2 Responses to “Will Massive $671 Million Verdict Against Skilled Healthcare Lead To The End Of Privately Owned Nursing Homes?”

  1. debdeb2080@hotmail.com Says:

    Let me tell you what happens when these skilled nursing facilities under staff:

    In California Sun Healthcare Group Inc (SUNH) was committed to an injunction dated 2001 for 3 deaths and 6 serious injuries in a Burlingame Calif facility they under staffed in without a HVAC system.
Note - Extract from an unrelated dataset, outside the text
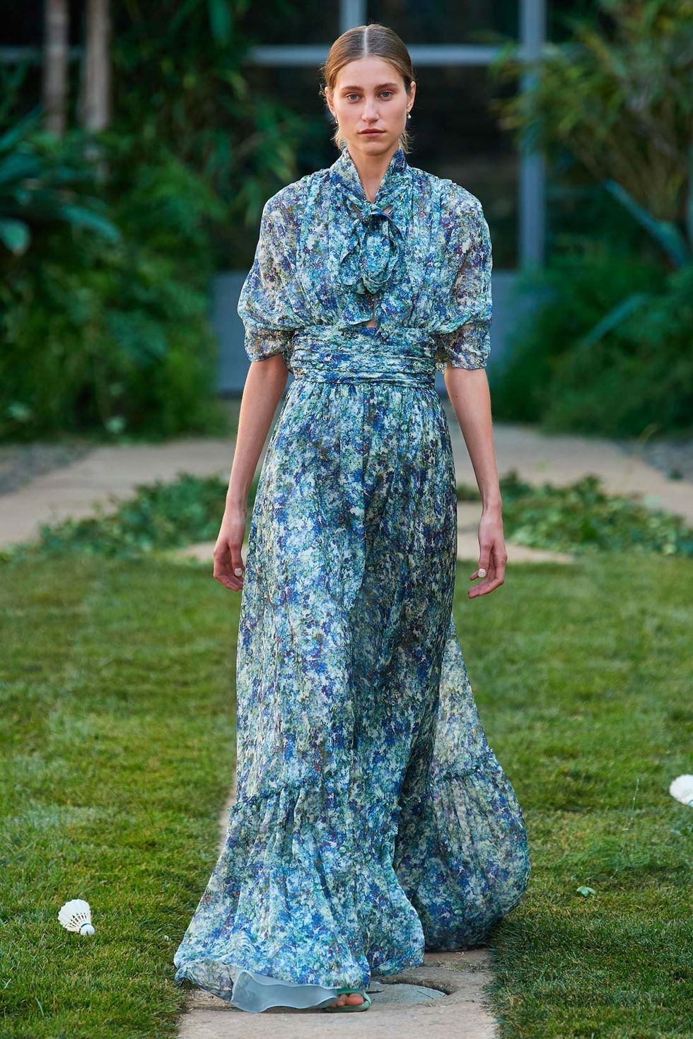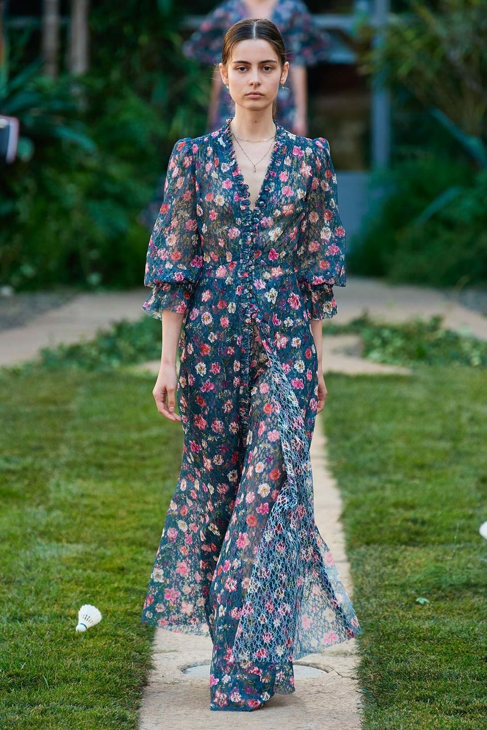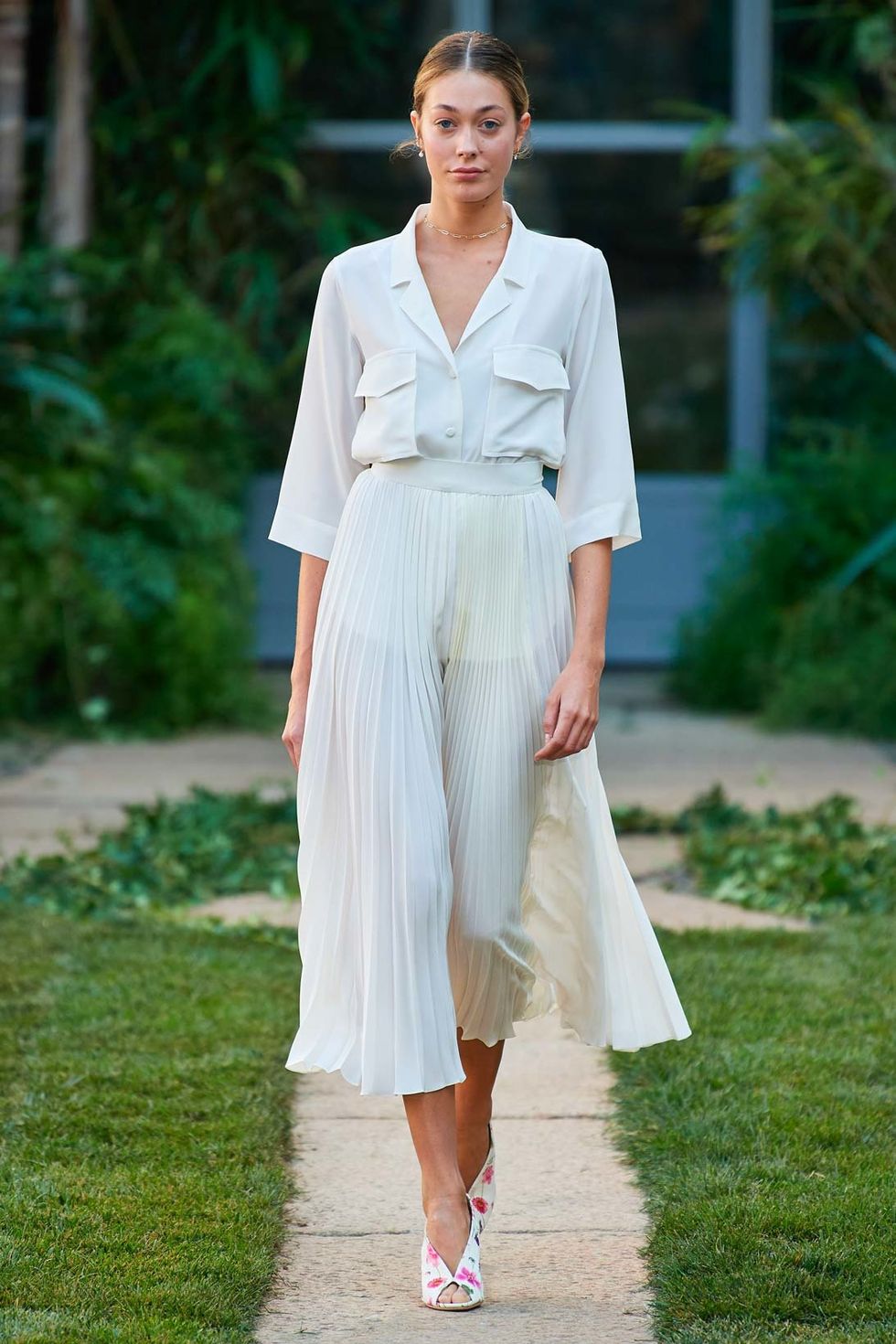 Si rincorrono sul prato morbidi pantaloni indossati sotto maglie o bluse con maniche a tre quarti e tasche applicate, leggeri grembiuli sangallo a gonna asimmetrica. I fiori del giardino diventano stampa-erbario su abiti che lasciano la schiena scoperta oppure motivo intricato per lunghi e impalpabili chemisier di pizzo, o ancora preziosi dettagli su abiti d'organza con maniche dai grandi volumi. Come in un family match, essenziali look total white appena svasati si intervallano a pentagrammi di fil coupé bianchi sui quali si scrivono piccoli nastri azzurri. Tra i tessuti cotone, lino, organza, fil coupé, pizzo, sangallo in mille sfumature di bianco, panna, crema, écru, rosa, gradazioni di carta da zucchero, azzurro, denim, fiordaliso e blu.
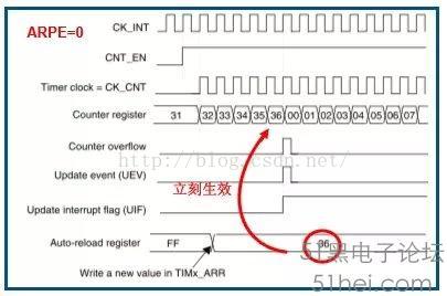 4、从预装载寄存器ARR传送到影子寄存器,有两种方式,一种是立刻更新,一种是等触发事件之后更新;这两种方式主要取决于寄存器TIMx->CR1中的“APRE”位;

I found the same happening in a Newport Beach, Calif Sunbridge facility in 2003. We begged the Dept of Justice BMFEA for help, the city council, the DHS, OSHPD …to no avail. I watched it kill patients Richard Laga (gangrene); Betty Harness (fecal impaction), Man in Rm 2B in Oct 2003 aspiration pneumonia and my mother Evelyn Calvert who suffered 10 mos repeated urinary tract infections, fevers went undeteced and untreated, gallblader pain not treated, hypertension medication withheld causing a stroke that rendered her unable to swallow the final 9 mos of her life, and a lack of ventilation from a broken HVAC system after contracting MRSA killed her, Sun’s Medical Director testified to in both 2006 and again in 2008. The CEO even sent employee Julie Campbell to apologize to me for the harm to my mom, then yrs later in mediation threatened me I wasn’t getting his Bentley, was being punished for writting too many complaining letters (my attorney advised me to create a paper trail), and that I’d be harmed if I forced my case to a jury trial where we could prove his willful misconduct. That is criminal. He should be asked to resign now and pay me restitution for the stress he has fraudulently caused me for the past 6 yrs. Richard K. Matros is his name and lack of staffing was his game. It’s on record that Sun earned $15 M in 2000 while understaffing 1 M hours according to the lawsuit CANHR filed in 2003 and settled in 2004.

    Elder abuse for profit should be illegal -apparently it’s not.

    Deb Calvert
    Newport Beach, California

    sunhealthcaregroupinc.blogspot.com

  2. Arrowhead.Ken@Charter.Net Says:

    A fine in the amount of the purported understaffing payroll amount would have been suficient to get this corrected.

    This judgement ends up hurting too many innocent people.

    Considering how a potential judgement may hurt innocent people is just as important as trying to correct a wrong.